Telling the relatives was a minor hurdle that I felt had to be done in a natural way. It’s not something you announce in the newspapers or send out in official letters to friends and family. The people who know and love Holly the most guessed already and wished her well.
They were, however, curious about the baby and its origins. I explained that a lovely young man—single, straight, and devoted to the two girls—had helped them out. If all goes well, he will do the same for Holly next year, and the two children will have the same father, who will be a loving part of their lives as well, albeit at a distance, as he lives in the U.K.
The one person we didn’t tell was my 91-year-old mother-in-law, who lived with us till her death in April. We were afraid it would confuse her or upset her. How wrong we were. She was in her last weeks of life when Holly told her about Tiffany and the baby, and she smiled happily and said simply: “Well, at least nobody can say our family is boring.”
Something that tends to stop people in their tracks is the baby’s name. I’m used to it now and actually think it’s a really pretty name for a girl. And at the risk of being accused of name dropping, I will add that it was given the official seal of approval by the president of the United States.

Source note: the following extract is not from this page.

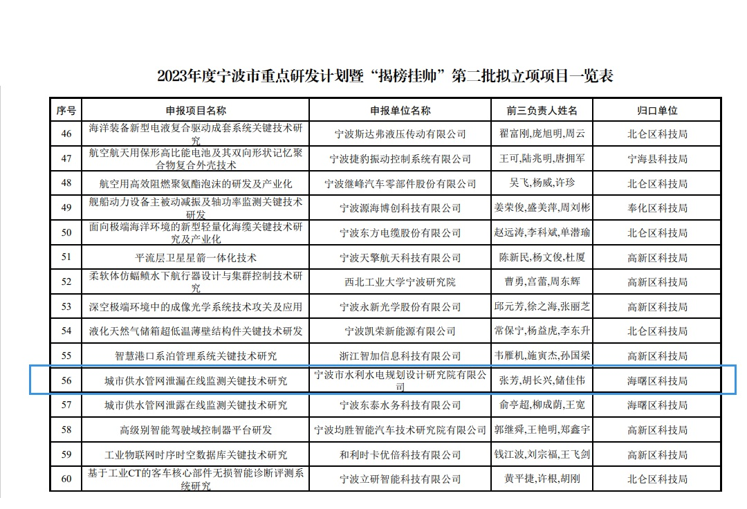 此前,我院“城市供水管網(wǎng)泄漏在線監(jiān)測(cè)關(guān)鍵技術(shù)研究”已入選寧波市重點(diǎn)研發(fā)計(jì)劃暨“揭榜掛帥”第二批擬立項(xiàng)項(xiàng)目。兩個(gè)項(xiàng)目合同總經(jīng)費(fèi)達(dá)4000萬元。
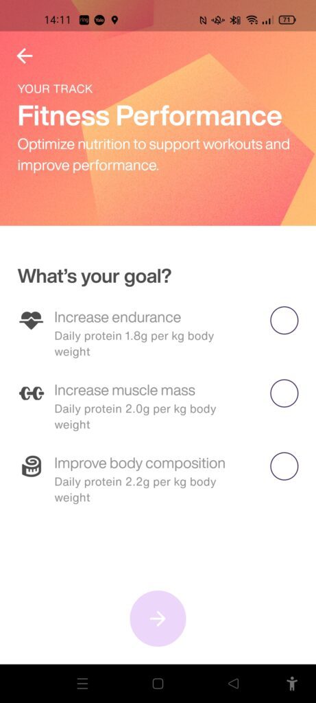 For my profile, I opted for fitness performance, and it looks like I selected the increased muscle mass option when it came down to protein (2g per Kg). Endurance probably would have been better at 1.8g per Kg.

A few weeks before the birth, the two girls were invited to a reception at the Miami residence of the U.S. ambassador to Singapore, Steven Green. All guests were invited to meet the president, and when Tiffany’s turn came she whipped out a scan photo of the baby and asked him to write a message.
The utterly charming Mr. Obama won himself at least two devoted fans that day as he wrote: “To Huckleberry, welcome to the world! Barack Obama.”
So thank you, Mr. President, and thank you to Gov. Andrew Cuomo and all the other brave New York politicians who have stuck their heads above the parapet on this one. And thank you to Holly and Tiffany for making me a granny for the first time.
There are so many firsts here for us all, and I’m trying hard to get it right as a granny. There may be both metaphorical and actual hiccups and burps ahead, but the starting point for the three girls is awash with love and support, and that can’t be bad.